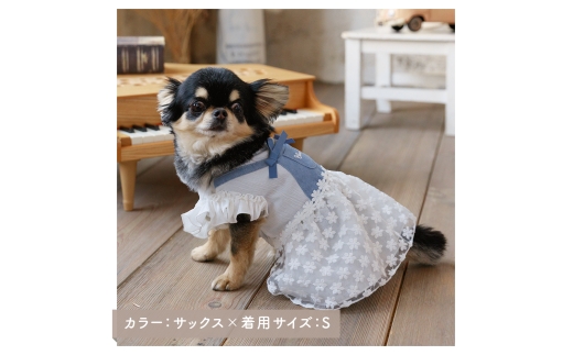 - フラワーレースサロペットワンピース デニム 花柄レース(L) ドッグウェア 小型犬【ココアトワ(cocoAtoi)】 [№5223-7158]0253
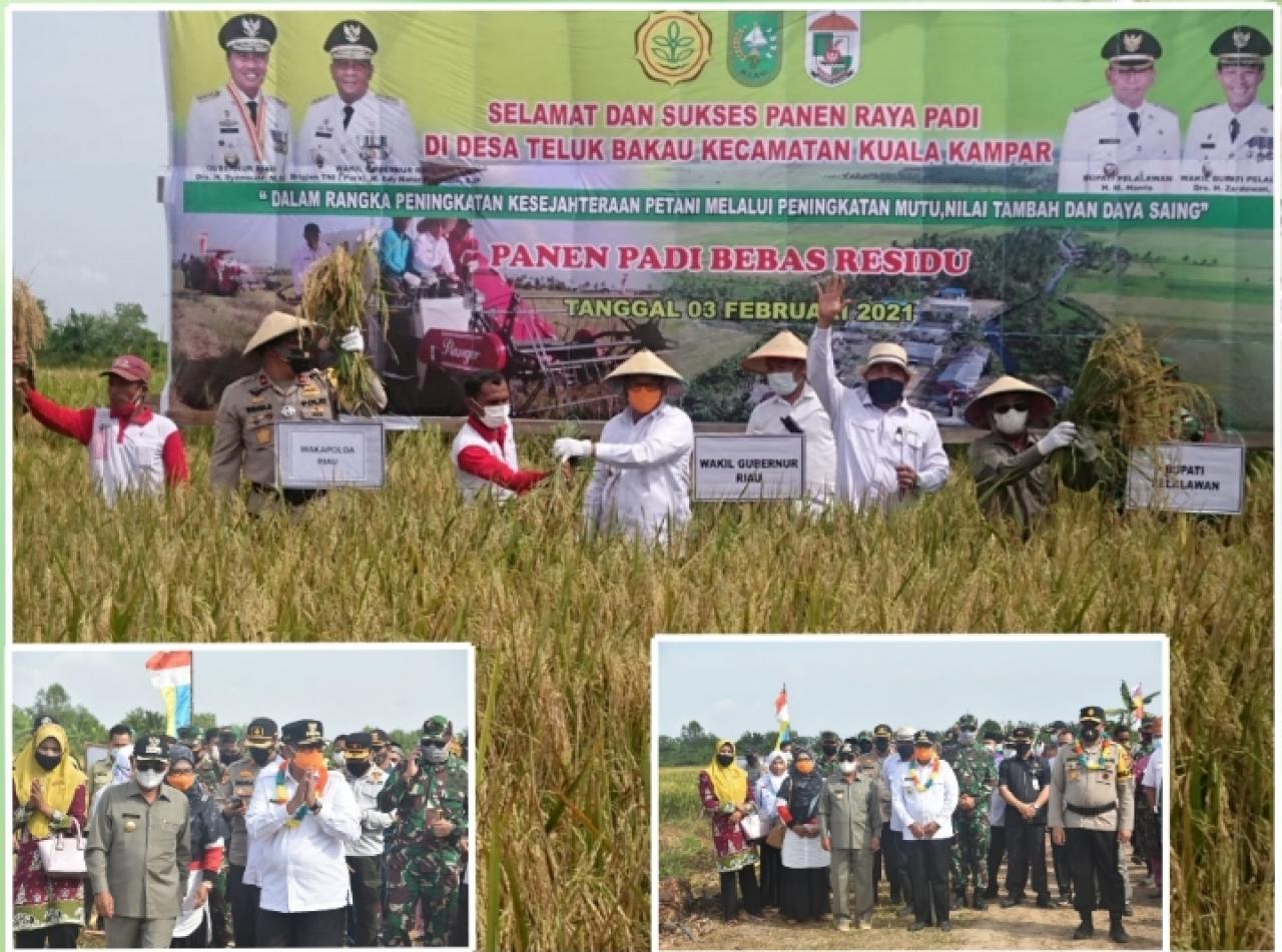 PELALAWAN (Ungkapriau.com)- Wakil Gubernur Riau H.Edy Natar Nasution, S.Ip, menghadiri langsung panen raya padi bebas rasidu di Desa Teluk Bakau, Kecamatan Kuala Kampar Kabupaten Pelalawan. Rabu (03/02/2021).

* * * * * * * * *

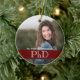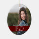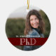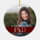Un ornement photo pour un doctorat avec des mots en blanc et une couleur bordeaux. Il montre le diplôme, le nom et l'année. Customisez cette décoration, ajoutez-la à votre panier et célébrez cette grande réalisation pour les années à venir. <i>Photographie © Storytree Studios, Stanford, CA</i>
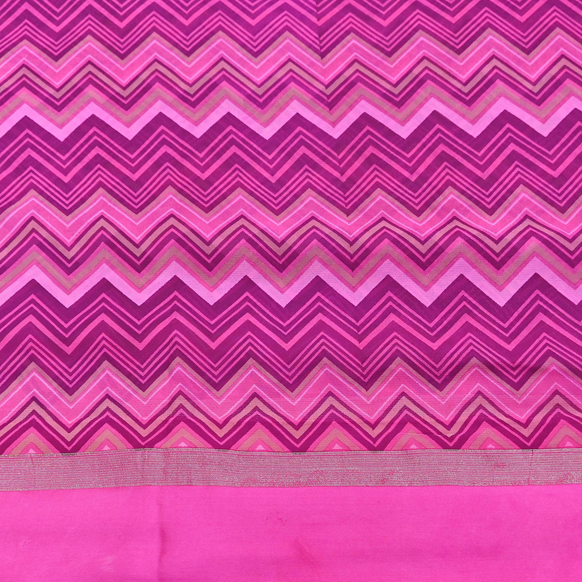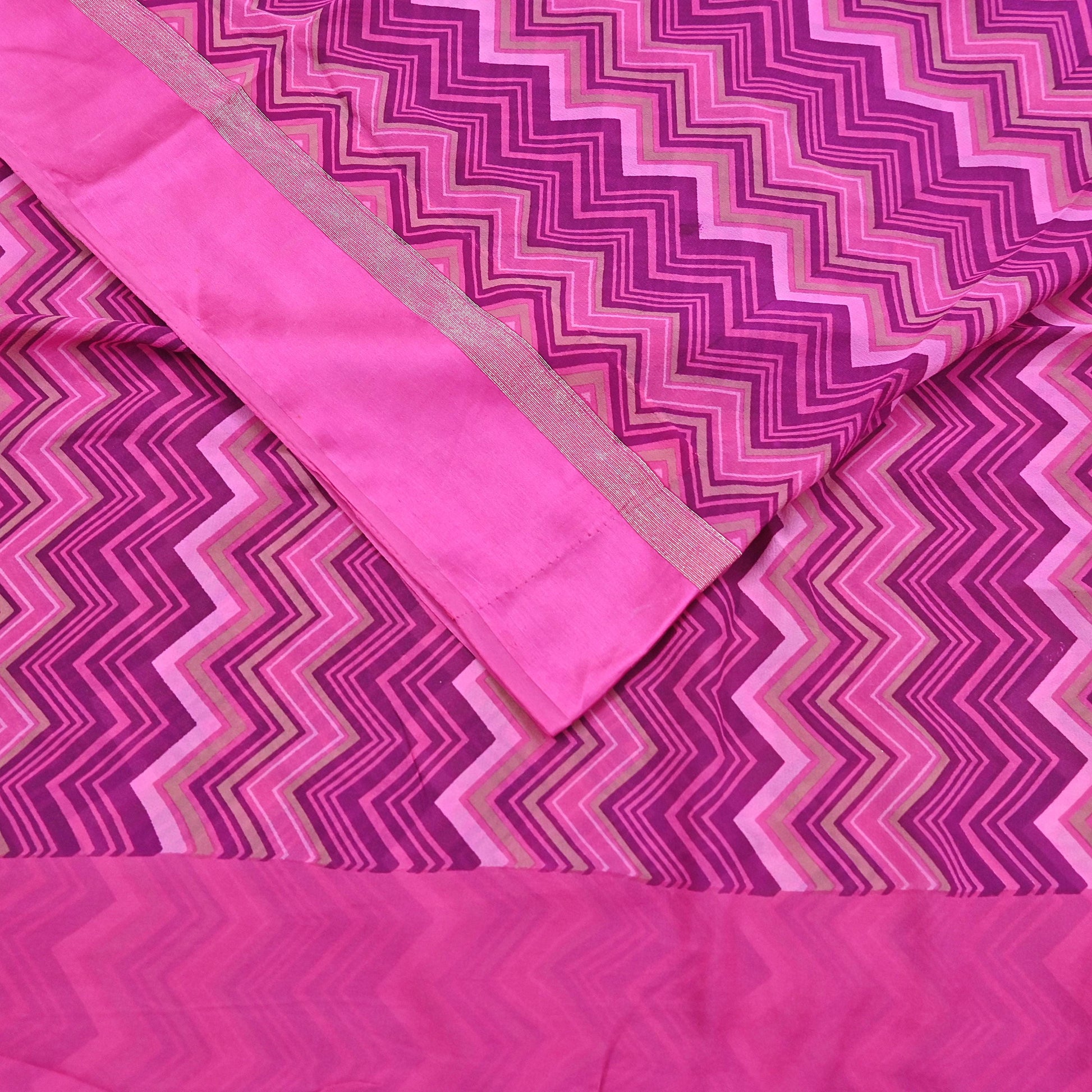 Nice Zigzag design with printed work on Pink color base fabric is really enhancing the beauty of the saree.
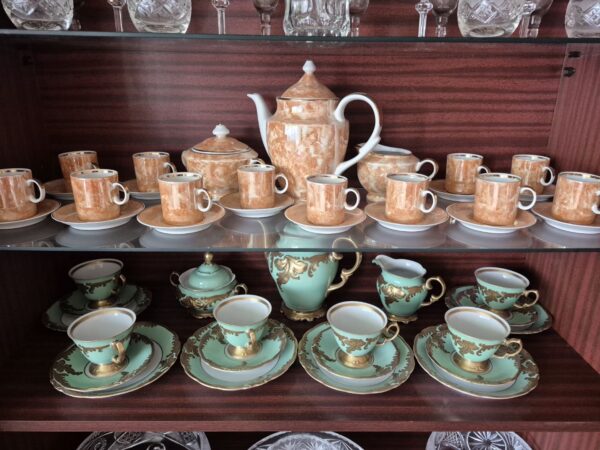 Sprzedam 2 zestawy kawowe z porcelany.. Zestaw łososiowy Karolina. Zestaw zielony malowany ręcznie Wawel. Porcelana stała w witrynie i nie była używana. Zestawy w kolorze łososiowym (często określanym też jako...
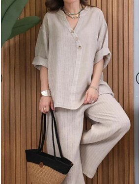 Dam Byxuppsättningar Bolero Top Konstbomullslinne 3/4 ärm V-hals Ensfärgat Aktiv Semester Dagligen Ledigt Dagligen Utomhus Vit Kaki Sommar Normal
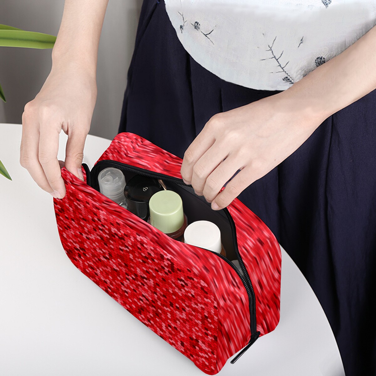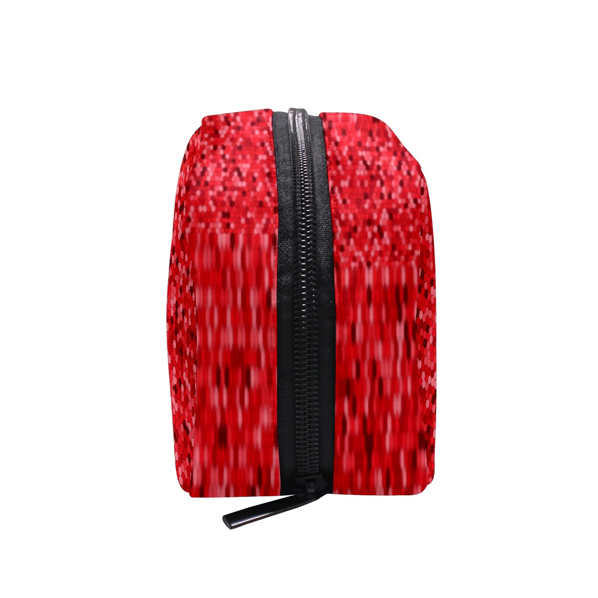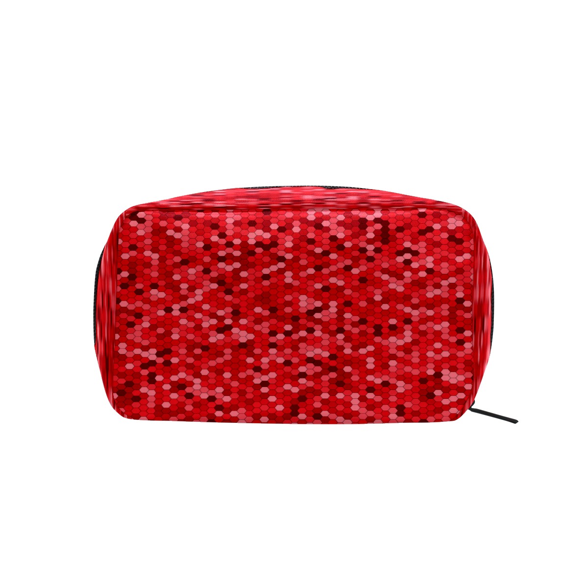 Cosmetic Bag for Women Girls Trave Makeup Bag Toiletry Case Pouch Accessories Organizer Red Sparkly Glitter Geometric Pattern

* * * * * * * * *

Pictures in the material above should be skipped; print exactly the lines from the one with "Nice Zigzag design" through the one with "Cosmetic Bag for".

 Nice Zigzag design with printed work on Pink color base fabric is really enhancing the beauty of the saree.
 Sprzedam 2 zestawy kawowe z porcelany.. Zestaw łososiowy Karolina. Zestaw zielony malowany ręcznie Wawel. Porcelana stała w witrynie i nie była używana. Zestawy w kolorze łososiowym (często określanym też jako...
 Dam Byxuppsättningar Bolero Top Konstbomullslinne 3/4 ärm V-hals Ensfärgat Aktiv Semester Dagligen Ledigt Dagligen Utomhus Vit Kaki Sommar Normal
 Cosmetic Bag for Women Girls Trave Makeup Bag Toiletry Case Pouch Accessories Organizer Red Sparkly Glitter Geometric Pattern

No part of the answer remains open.